Hanna G M, Lau-Cam C A
U.S. Food and Drug Administration, New York Regional Laboratory, Brooklyn 11232.
J AOAC Int. 1993 May-Jun;76(3):526-30.
A simple, specific, and accurate proton nuclear magnetic resonance (1H-NMR) spectroscopic method has been developed for the identification and assay of furosemide and its degradation product, 4-chloro-5-sulfamoylanthranilic acid (CSA), in tablets and injections. Dissolution of the sample in D2O-NaOD resulted in a solution yielding the required separation among the resonance signals of furosemide, CSA, and tert-butyl alcohol, the internal standard. The mean +/- SD recovery values of furosemide and CSA from 10 synthetic formulations were 99.6 +/- 0.8 and 98.9 +/- 1.7%, respectively.
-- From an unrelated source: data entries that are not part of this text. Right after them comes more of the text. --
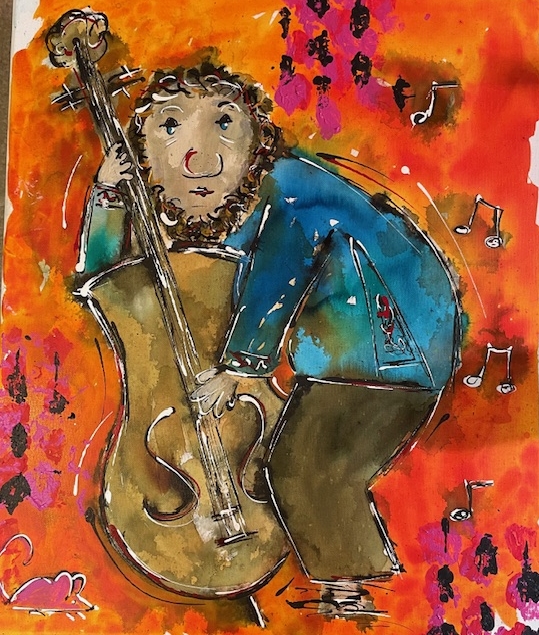 Dr Joos am Bass, Acryl, 50 x 60
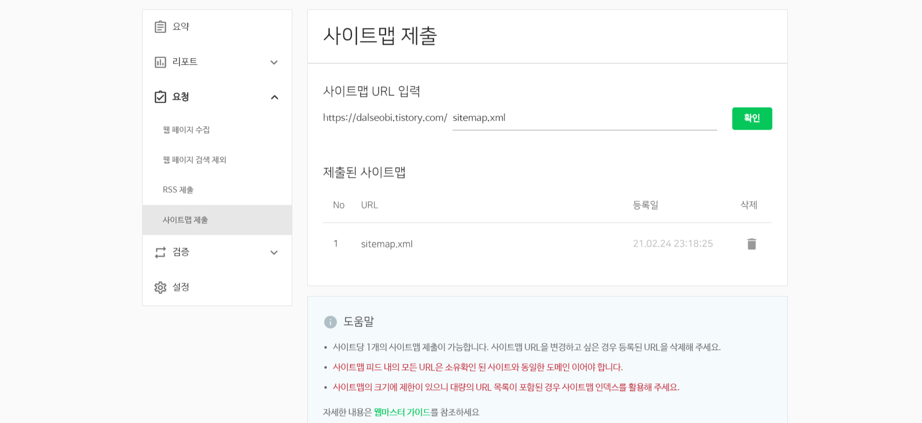 사이트맵이란 'sitemap.xml'인 해당 블로그의 카테고리 및 게시글 정보를 제공하는 xml문서입니다. 사이트맵을 등록하는 경우 자신의 블로그 글의 정보를 빠짐없이 넣을 수 있습니다.
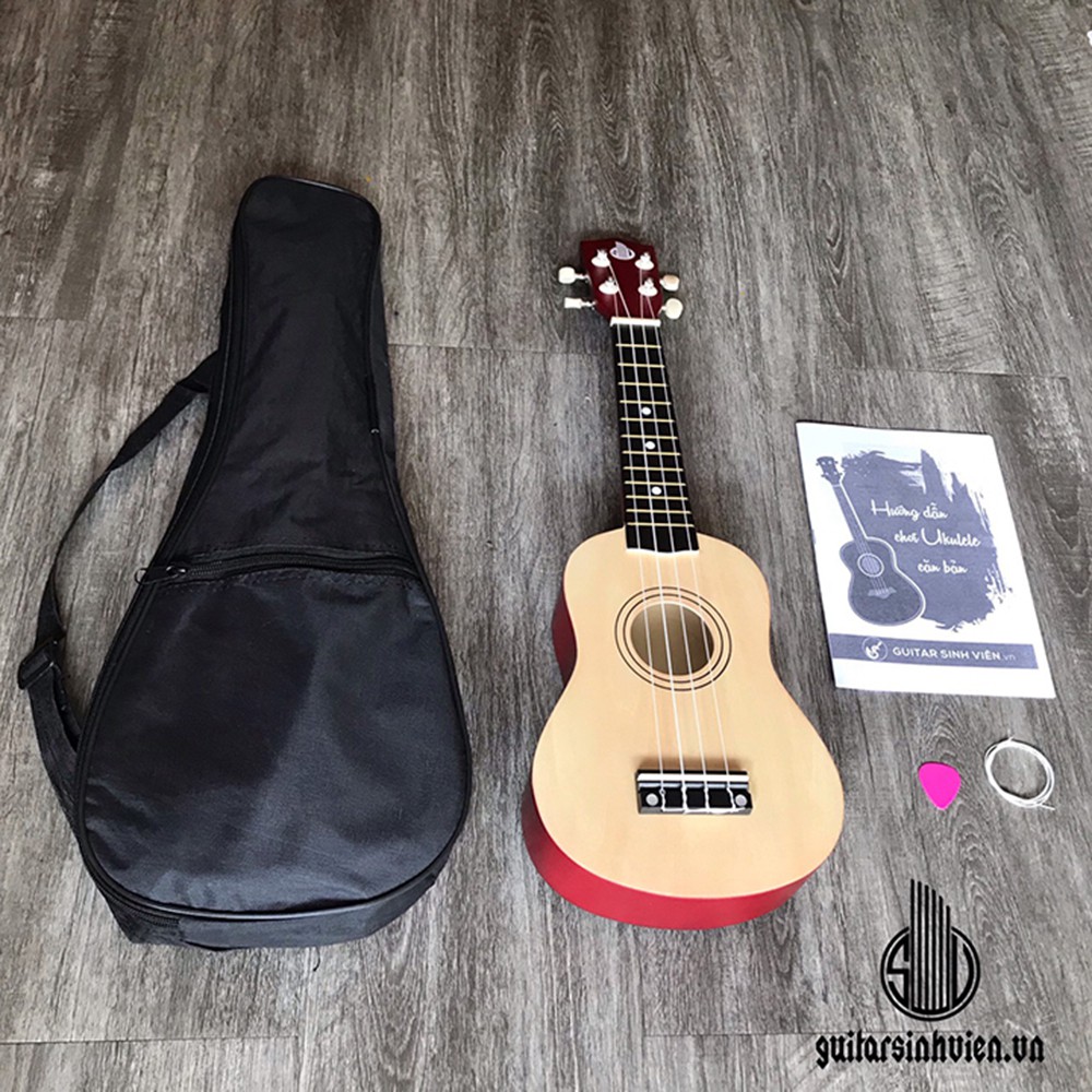 Đàn ukulele cỡ soprano mặt gỗ trắng lưng đỏ cho người mới tập

Commercial tablets (6 lots) and injections (5 lots) of furosemide were assayed by the proposed method and found to contain 53.1-99.8% furosemide and 0.3-45.2% CSA.
已开发出一种简单、特异且准确的质子核磁共振(1H-NMR)光谱法,用于片剂和注射剂中呋塞米及其降解产物4-氯-5-氨磺酰基邻氨基苯甲酸(CSA)的鉴别和含量测定。将样品溶解于D2O-NaOD中,得到的溶液能使呋塞米、CSA和内标叔丁醇的共振信号实现所需分离。10个合成制剂中呋塞米和CSA的平均回收率(均值±标准差)分别为99.6±0.8%和98.9±1.7%。采用所提出的方法对呋塞米的6批市售片剂和5批注射剂进行了含量测定,结果发现其中呋塞米含量为53.1-99.8%,CSA含量为0.3-45.2%。